🤖 AI Summary
This study addresses the problem of recovering unknown reward functions from expert demonstrations in mean-field games under the average-reward criterion. To overcome the non-contraction of the Bellman operator caused by the absence of a discount factor, the authors introduce a sub-stochastic kernel based on minorization conditions, which ensures strict contraction of the soft Bellman operator and establishes Fréchet differentiability and smoothness of the log-likelihood score. Within the occupancy measure framework, the approach unifies the treatment of two classes of reward functions by integrating convex duality reformulation, RKHS-based reward modeling, and gradient ascent algorithms. Experiments on malware propagation and consumer choice models demonstrate that the recovered policies closely match expert behavior, validating the method’s effectiveness and convergence properties.
📝 Abstract
We study inverse reinforcement learning for discrete-time, infinite-horizon mean-field games (MFGs) under an average-reward criterion. Expert demonstrations are assumed to arise from a stationary mean-field equilibrium under an unknown reward, and the goal is to recover a policy explaining the observed behaviour via the maximum causal entropy principle. We formulate the inverse problem by enforcing consistency with the expert mean-field term and long-run feature expectations, treating two reward classes within a unified occupation-measure framework. For finite-dimensional linear rewards, we give a convex dual reformulation with an explicit log-partition objective, and prove smoothness and curvature properties justifying constant-step-size gradient descent. For infinite-dimensional RKHS rewards, we develop a Lagrangian relaxation whose inner-maximising policy is characterised by a soft Bellman equation.

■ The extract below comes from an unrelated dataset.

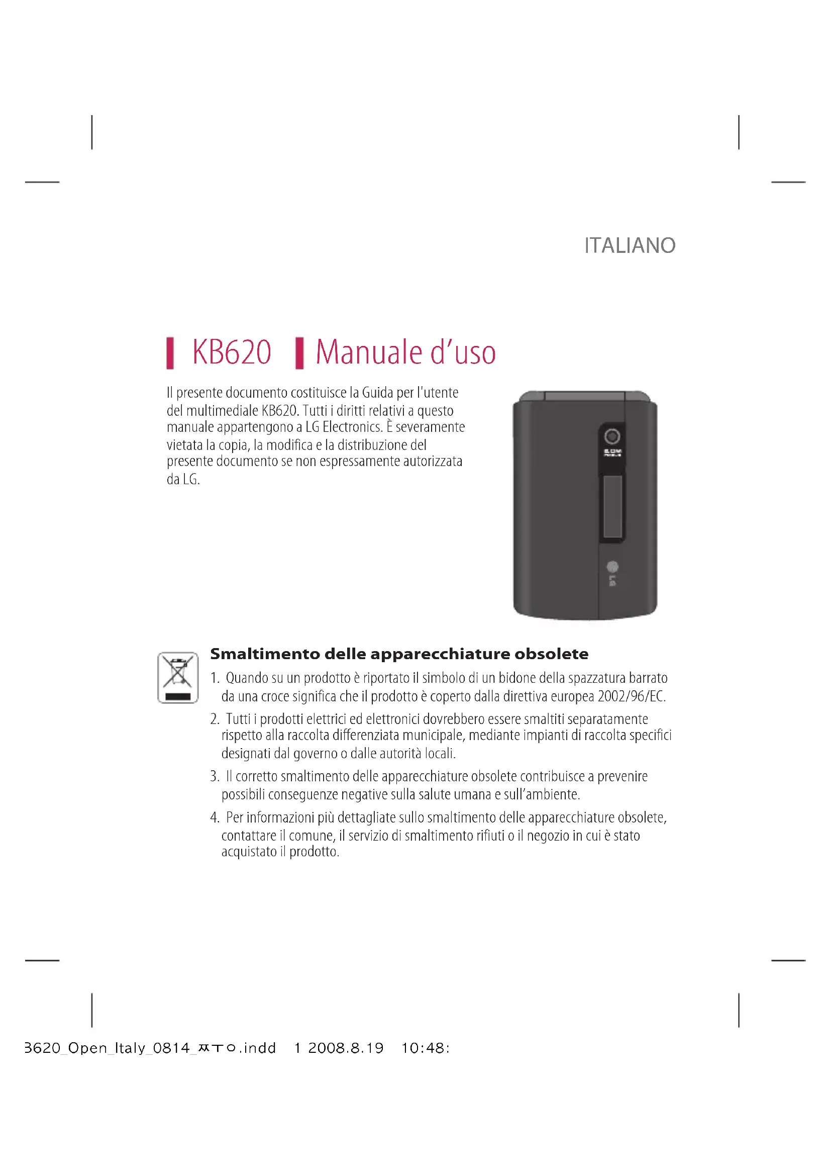 contattare il comune, il servizio di smaltimento rifiuti o il negozio in cui è stato acquistato il prodotto. Il presente documento costituisce la Guida per l'utente del multimediale KB620. Tutti i diritti relativi a questo manuale appartengono a LG Electronics. È severamente vietata la copia, la modifica e la distribuzione del presente documento se non espressamente autorizzata da LG. KB620_Open_Italy_0814_쭝.indd 1 2008.8.19 10:48:52 AM2 Sommario So mmario KB620 Funzioni 5 Componenti del telefono Introduzione 8 Inserimento della scheda SIM e della batteria Accensione/spegnimento del telefono 1

The main obstacle is the absence of a discount-factor contraction. We resolve this by introducing a minorisation-based sub-stochastic kernel that yields a strict contraction of the soft Bellman operator. We establish Fréchet differentiability and Lipschitz smoothness of the log-likelihood score, leading to a gradient ascent algorithm with convergence guarantees. Two numerical examples, a malware-spread MFG and an RKHS-based consumer-choice model, show that the recovered policies closely match expert behaviour.